With this approach you could also implement the completely opposite intended behaviour to surface only “approved” content in Delve by adding the HideFromDelve site column to all document libraries where you "want" to surface content in Delve, with the default value for the HideFromDelve site column set to "False" instead of True.

I must mention one caveat though - this approach will only hide content in Delve which has been tagged as a “Document” document during the crawl process. If the “SharePoint:isDocument” is set to “False” (No) during the crawl, the effective value for the “HideFromDelve” property for item crawled will thus also be set to “False”, so that item could thus still surface in Delve.

Some granularity I think would be appreciated, HideFromDelve is good to have but more central control either user or on a site/document library basis might be helpful.  


I get the impression that disabling Office Graph is discouraged really and that's probably why there aren't more options.  It's like a deterrent with the all or nothing approach.  Office 365 after all without Office 365 Graph is going to be rather backwards!

I would say it's catch 22 and the way works now is likely necessary in order to deliver the next wave of auto classification for content in terms of Information Sensitivy from a Security and Compliance perspective. The Graph API is probably needed to do this.
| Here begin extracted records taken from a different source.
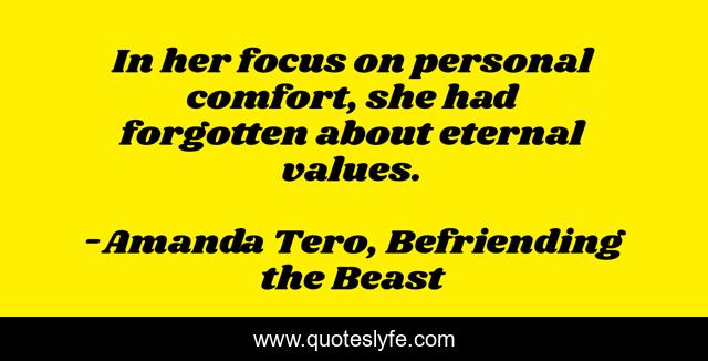 This page presents the quote "In her focus on personal comfort, she had forgotten about eternal values.". Author of this quote is Amanda Tero, Befriending the Beast. This quote is about eternal, comfort, values,.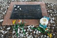 Tributes lay on a memorial Friday, Sept. 26, 2025, for four teenage girls who were killed in a yogurt shop in 1991 in Austin, Texas. (AP Photo/Paul J. Weber)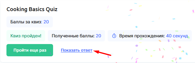 Обратите внимание! Чтобы ученики видели свои ответы и комментарии после прохождения квиза, нужно включить соответствующие настройки показа результатов. Подробно об этом читайте в статье Как настроить тест, чтобы ученик мог видеть свои ответы.

If content is automatically secured based on classification policies, this becomes irrelevant. 


For example a policy could dictate that contain specific words or phrase, and such documents cannot be shared to "Everyone" for example. Other policies could be created to protect information is any site classified as HBI, etc.

Delve just created a bit of shock for us. My contractor called and told me that she can see all documents that she is supposed not to see on her page. That includes HR forms, invoices, and other things. These are documents that are on my One Drive and is not shared with anyone.  Is there a way to disable this feature enterprise wide?


By the way, why is the  default security settings on One Drive set to the lowest security level. Also, when you turn on new features give your customers an option to turn in on and not just turn on without their permission especially for features like Delve. I understand you want higher rate of adoption. But often times it is creating too much head ache for IT admins.




Yes, you can turn this off or just opt-out but it's not necessarily that simple.  First, check out this: 


Office Delve for Office 365 admins


In the 'Control access to the Office Graph' section, you will see the steps to disable Office Graph in the tenant, which powers Delve. Bear in mind, Office Graph does a lot more than just Delve and you loose considerable functionality by taking this path. 


If you read some of the resources in this discussion, you will see Delve never changes any permissions and only surfaces what users have already been given access to.  By disabling Office Graph, users can still access these documents by other means, so it's better to look at the underlying issues and deal with those. 


Check that documents haven't been saved to the 'Shared with everyone' folder in OneDrive, as that would open them up to everyone.  Otherwise, there must be some permissions to grant access or have been shared in some way for the contractor to have been able to see the documents.  If there is no indication on further inspection why this is happening, I'd consider logging a service request, as it just doesn't sound right.


Another option is to opt-out of Delve as covered here -


Are my documents safe in Office Delve?


Hope you get to the bottom of this.  I know it can be a shock with these incidents but Delve is really a great feature once understood and everyone knows what to expect from it.

Thanks for the quick response. My OneDrive default settings is to not share anything with anyone. Anything that is shared has to be explicitly configured. However, I think documents that were outside of this was showing up on Delve. I must say that I have to cross check on this one and will do that. 


By the way, do you have some practical examples or uses cases for enabling Delve? If it is such a powerful tool, we certainly want to know what value it can add to us. However, the first experience of it was not good.